What needs to be done – Although the entries contain pictures, write out only their text, exactly as it stands.

Items listed in a dataset:
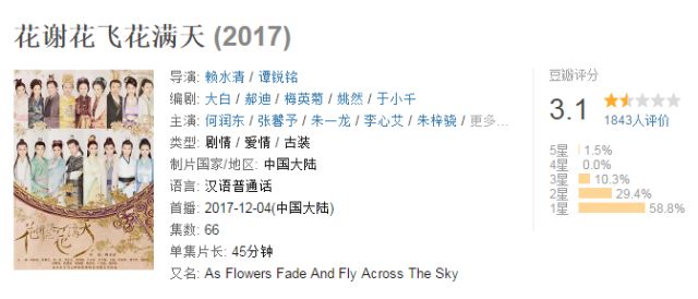 最近快要完结的连续剧《花谢花飞花满天》吸引到了娱影君的注意。网上流传着一种说法:“如果说今年最烂的现代剧是《极光之恋》,那么最烂古装剧当属《花谢花飞花满天》了。”本剧的豆瓣评分仅有3.1分,共计1843人评价,其中一星占比高达58.8%。
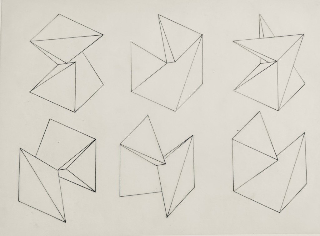 Titel: Studie 72 Serie: Unikat Jahr: 1998 Kategorien: Grafiken Technik: Pigmenttusche Größe: 30 x 42 cm Untertitel: Kubusvariation 8 Foto: Nicole Bohnet
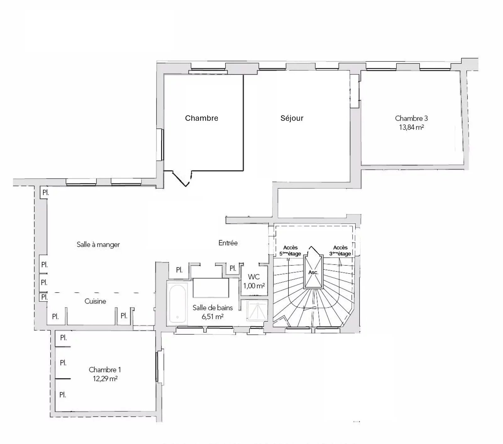 A proximité de la rue des Martyrs, au sein d'un immeuble ancien très bien entretenu, élégant appartement de 97m².
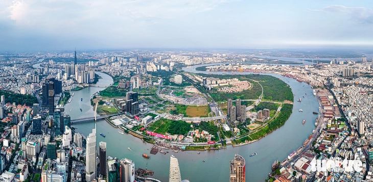 Trong ảnh là hai bờ sông Sài Gòn, một bên là trung tâm TP.HCM, đối diện là khu đô thị mới Thủ Thiêm - nơi triển khai các dự án metro số 2 đoạn Bến Thành - Thủ Thiêm, quảng trường trung tâm và Trung tâm hành chính TP.HCM, cùng dự án cải tạo Bảo tàng Hồ Chí Minh - chi nhánh TP.HCM - Ảnh: CHÂU TUẤN
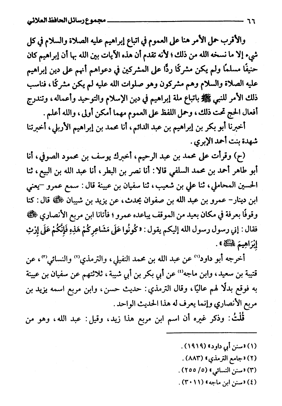(ح) وقرأت على محمد بن عبد الرحيم، أخبرك يوسف بن محمود الصوفي، أنا أبو طاهر أحمد بن محمد السلفي قال: أنا نصر بن البطر، أنا عبد اللَّه بن البيع، ثنا الحسين المحاملي، ثنا علي بن شعيب، ثنا سفيان بن عيينة قال: سمع عمرو يعني ابن دينار -عمرو بن عبد اللَّه بن صفوان يحدث، عن يزيد بن شيبان -رضي اللَّه عنه- قال: كنا وقوفًا بعرفة في مكان بعيد من الموقف يباعده عمرو؛ فأتانا ابن مربع الأنصاري -رضي اللَّه عنه- فقال: إني رسول رسول اللَّه إليكم يقول:"كُونُوا عَلَى مَشَاعِرِكمُ هذهِ فَإِنَّكُمْ عَلَى إِرْثِ إِبْرَاهِيمَ -عليه السلام-".
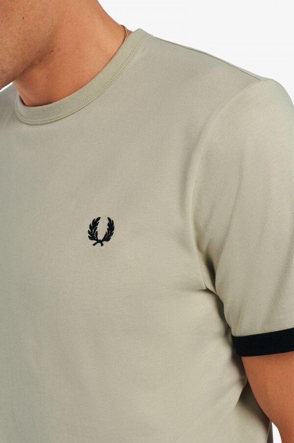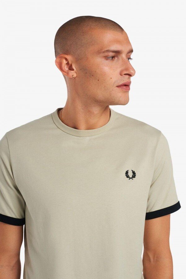 Başlangıçta spor antrenman kıyafeti olarak giyilen ringer tişörtü, daha sonra altkültürel üniformalara uyarlandı. 70’lerden itibaren cesur, zıt renkler ve grafik baskılarla üretildi. Bizimki, tanıdık Fred Perry tonlarını benimsiyor.
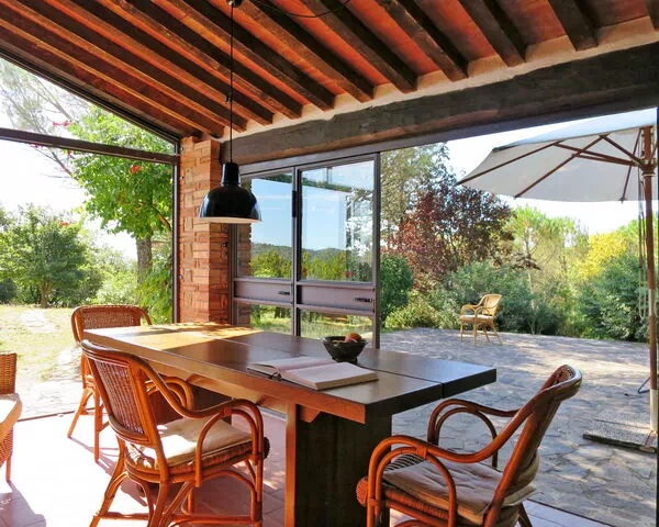 Los espacios exteriores de "Lara" destacan por su amplitud y belleza natural. El jardín en terrazas se extiende a lo largo de los 15.000 metros cuadrados de la propiedad y alberga una variedad de árboles y zonas de prado abierto que invitan a paseos tranquilos y momentos de contemplación. La posición soleada de la casa asegura que las áreas exteriores reciban luz natural durante todo el día, lo que las hace ideales para comer al aire libre, tomar el sol o disfrutar de las vistas sin obstáculos de la campiña italiana. El acceso a la propiedad se realiza a través de un camino de motor de 150 metros con superficie irregular, lo que añade a la sensación de aislamiento y encanto rural que caracteriza a "Lara".
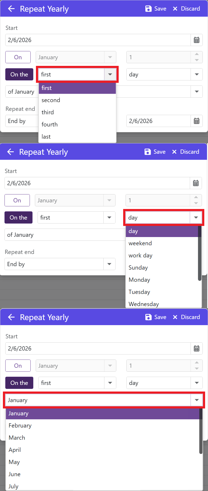 - You can set the yearly recurrence of the appointment by any of the following ways,
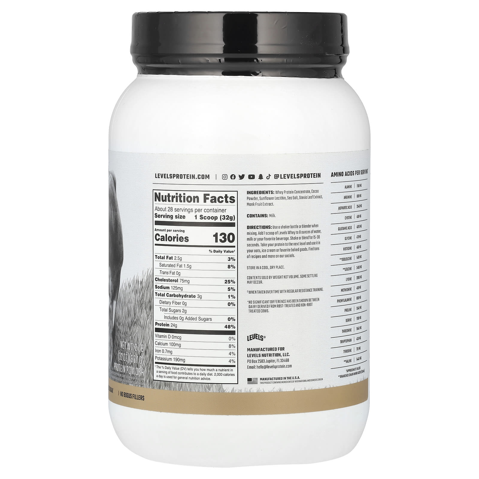 Качественное молоко вкуснее, намного лучше. Вот почему мы выбираем молочные продукты травяного откорма без гормонов ^, чтобы сделать наш концентрат сывороточного протеина. Концентрат сыворотки - это наименее переработанная форма сыворотки, что означает, что он богат высококачественным полноценным белком и незаменимыми аминокислотами. Каждая партия сыворотки Levels® Whey проходит микрофильтрацию холодным способом и смешивается с подсолнечным лецитином. Здесь вы также не найдете обмана. Это означает отсутствие сои, глютена, искусственных ароматизаторов и подсластителей.
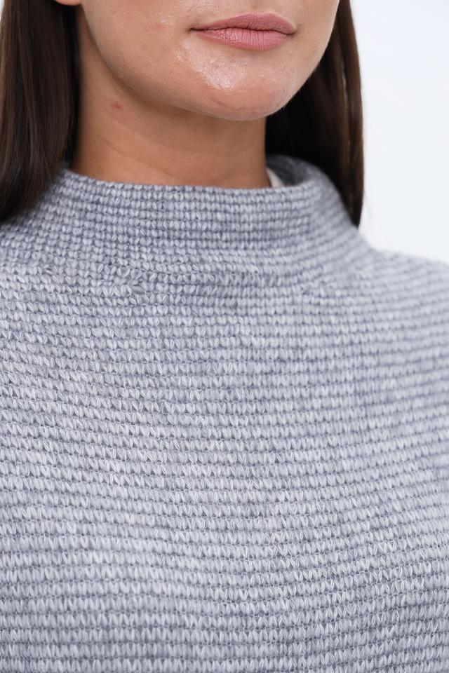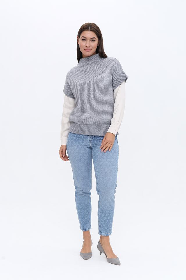 Жилет имеет прямой крой и удобную длину. Высокий воротник добавляет изысканности образу. Вязаная текстура придает изделию уютный и стильный вид.

Reply to the task –
 最近快要完结的连续剧《花谢花飞花满天》吸引到了娱影君的注意。网上流传着一种说法:“如果说今年最烂的现代剧是《极光之恋》,那么最烂古装剧当属《花谢花飞花满天》了。”本剧的豆瓣评分仅有3.1分,共计1843人评价,其中一星占比高达58.8%。
 Titel: Studie 72 Serie: Unikat Jahr: 1998 Kategorien: Grafiken Technik: Pigmenttusche Größe: 30 x 42 cm Untertitel: Kubusvariation 8 Foto: Nicole Bohnet
 A proximité de la rue des Martyrs, au sein d'un immeuble ancien très bien entretenu, élégant appartement de 97m².
 Trong ảnh là hai bờ sông Sài Gòn, một bên là trung tâm TP.HCM, đối diện là khu đô thị mới Thủ Thiêm - nơi triển khai các dự án metro số 2 đoạn Bến Thành - Thủ Thiêm, quảng trường trung tâm và Trung tâm hành chính TP.HCM, cùng dự án cải tạo Bảo tàng Hồ Chí Minh - chi nhánh TP.HCM - Ảnh: CHÂU TUẤN
(ح) وقرأت على محمد بن عبد الرحيم، أخبرك يوسف بن محمود الصوفي، أنا أبو طاهر أحمد بن محمد السلفي قال: أنا نصر بن البطر، أنا عبد اللَّه بن البيع، ثنا الحسين المحاملي، ثنا علي بن شعيب، ثنا سفيان بن عيينة قال: سمع عمرو يعني ابن دينار -عمرو بن عبد اللَّه بن صفوان يحدث، عن يزيد بن شيبان -رضي اللَّه عنه- قال: كنا وقوفًا بعرفة في مكان بعيد من الموقف يباعده عمرو؛ فأتانا ابن مربع الأنصاري -رضي اللَّه عنه- فقال: إني رسول رسول اللَّه إليكم يقول:"كُونُوا عَلَى مَشَاعِرِكمُ هذهِ فَإِنَّكُمْ عَلَى إِرْثِ إِبْرَاهِيمَ -عليه السلام-".
 Başlangıçta spor antrenman kıyafeti olarak giyilen ringer tişörtü, daha sonra altkültürel üniformalara uyarlandı. 70’lerden itibaren cesur, zıt renkler ve grafik baskılarla üretildi. Bizimki, tanıdık Fred Perry tonlarını benimsiyor.
 Los espacios exteriores de "Lara" destacan por su amplitud y belleza natural. El jardín en terrazas se extiende a lo largo de los 15.000 metros cuadrados de la propiedad y alberga una variedad de árboles y zonas de prado abierto que invitan a paseos tranquilos y momentos de contemplación. La posición soleada de la casa asegura que las áreas exteriores reciban luz natural durante todo el día, lo que las hace ideales para comer al aire libre, tomar el sol o disfrutar de las vistas sin obstáculos de la campiña italiana. El acceso a la propiedad se realiza a través de un camino de motor de 150 metros con superficie irregular, lo que añade a la sensación de aislamiento y encanto rural que caracteriza a "Lara".
 - You can set the yearly recurrence of the appointment by any of the following ways,
 Качественное молоко вкуснее, намного лучше. Вот почему мы выбираем молочные продукты травяного откорма без гормонов ^, чтобы сделать наш концентрат сывороточного протеина. Концентрат сыворотки - это наименее переработанная форма сыворотки, что означает, что он богат высококачественным полноценным белком и незаменимыми аминокислотами. Каждая партия сыворотки Levels® Whey проходит микрофильтрацию холодным способом и смешивается с подсолнечным лецитином. Здесь вы также не найдете обмана. Это означает отсутствие сои, глютена, искусственных ароматизаторов и подсластителей.
 Жилет имеет прямой крой и удобную длину. Высокий воротник добавляет изысканности образу. Вязаная текстура придает изделию уютный и стильный вид.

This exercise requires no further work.